→ PROBLEM DETAILS
Each line in the material below must be transcribed exactly; no picture belongs in the copy.

→ MATERIAL PROVIDED
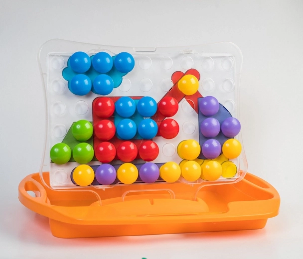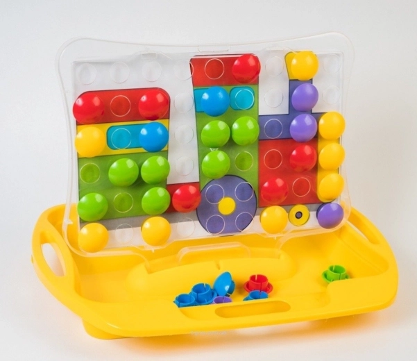 De educatieve mozaïek is ontworpen om creativiteit en de ontwikkeling van de fijne motoriek bij kinderen te stimuleren. Het bestaat uit 54 gekleurde elementen in de vorm van “pinnen” die vrij in de openingen van het basisbord kunnen worden geplaatst, zodat kinderen hun eigen unieke composities kunnen maken.
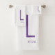 Minimalist but stylish, white personalised towel set with purple initial letter monogram and name bellow the letter. A perfect gift or personal accessory that is easy to personalise (just click on the button 'PERSONALIZE THIS TEMPLATE').
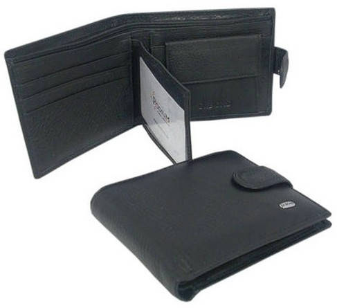 Портмоне на клапане с 3 отделениями под банкноты (1 змейка), внутри – откидной блок для удостоверения, монетница, 3 больших кармана, 4 кармана для визиток. Размер (см) 11,5*9,5*2. Поставляется в фирменной коробке.
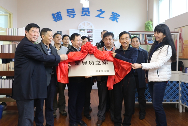 仪式上,张木副书记与学生工作部部长王宏卫、校工会主席李方、校工会副主席朱玮共同为“辅导员之家”揭牌。
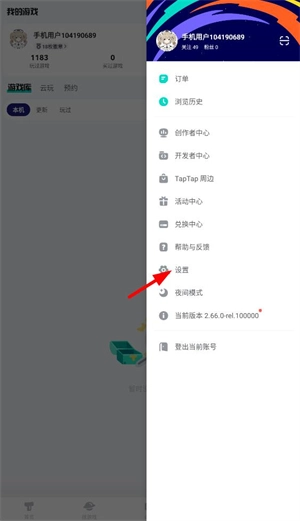 首先点击界面右下角的“我的游戏”选项,接着点击右上角的三条横线图标,最后点击设置按钮。
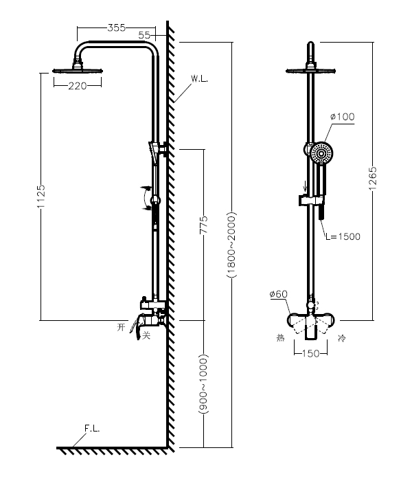 手持花洒高度及角度

→ PROBLEM SOLUTION
 De educatieve mozaïek is ontworpen om creativiteit en de ontwikkeling van de fijne motoriek bij kinderen te stimuleren. Het bestaat uit 54 gekleurde elementen in de vorm van “pinnen” die vrij in de openingen van het basisbord kunnen worden geplaatst, zodat kinderen hun eigen unieke composities kunnen maken.
 Minimalist but stylish, white personalised towel set with purple initial letter monogram and name bellow the letter. A perfect gift or personal accessory that is easy to personalise (just click on the button 'PERSONALIZE THIS TEMPLATE').
 Портмоне на клапане с 3 отделениями под банкноты (1 змейка), внутри – откидной блок для удостоверения, монетница, 3 больших кармана, 4 кармана для визиток. Размер (см) 11,5*9,5*2. Поставляется в фирменной коробке.
 仪式上,张木副书记与学生工作部部长王宏卫、校工会主席李方、校工会副主席朱玮共同为“辅导员之家”揭牌。
 首先点击界面右下角的“我的游戏”选项,接着点击右上角的三条横线图标,最后点击设置按钮。
 手持花洒高度及角度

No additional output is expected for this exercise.